One or more of selected objects in each frame form transparent masking-out, to allow by by the frame just played One or more of selected objects copy to it is described to playing the video on framing scene.

17. the equipment according to claim 15 or 16, further comprises the display for being operatively coupled to the processor Device and at least one input equipment for being operatively coupled to the processor, wherein, user can use described at least one Individual input equipment is selected to one or more of objects in framing scene.

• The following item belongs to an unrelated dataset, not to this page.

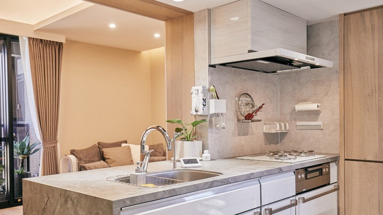 排油煙機吊掛,請木工加強櫃體結構,並減少牆面厚度,牆面也順便與客廳做出空間上的區隔。

18. the equipment according to claim 15 or 16, further comprises the touch-control panel type display for being coupled to the processor, Wherein, the touch screen is configured as inputting the selection received to one or more of objects from user.

19. a kind of method for processing video frequency, including：

Receive to the selection to one or more objects in framing scene；

Frame by frame follows the trail of one or more of objects from the frame of the video, to recognize corresponding pixel groups, wherein Corresponding pixel groups include one or more of objects in each frame；

The media are carried out with Alpha-masking-out processing, one or more selected objects are isolated with frame by frame；And

New media are produced using one or more of selected objects.

20. method according to claim 19, wherein, the media are carried out with Alpha-masking-out processing includes：

21. method according to claim 19, wherein, the new media include rest image, wherein, it is one or Multiple selected objects come from and the frame different to framing.

22. method according to claim 19, wherein, the new media include video, wherein, it is one or more of Selected objects do not start in sequence relative to framing.

23. method according to claim 19, wherein, the new media include visual media, wherein, only play described One or more selected objects, while keeping the remainder transfixion to framing.

24. method according to claim 19, wherein, the new media include visual media, wherein, institute can be selected One or more of particular frame of video object is stated, so that selected one or more objects are surplus relative to the particular frame Remaining part point animation.

25. a kind of video process apparatus, including：

One or more of objects are followed the trail of from the frame of the video for frame by frame, to recognize corresponding pixel groups Module, wherein corresponding pixel groups include one or more of objects in each frame；

For the media to be carried out with Alpha-masking-out processing, the module of one or more selected objects is isolated with frame by frame；With And

Module for producing new media using one or more of selected objects.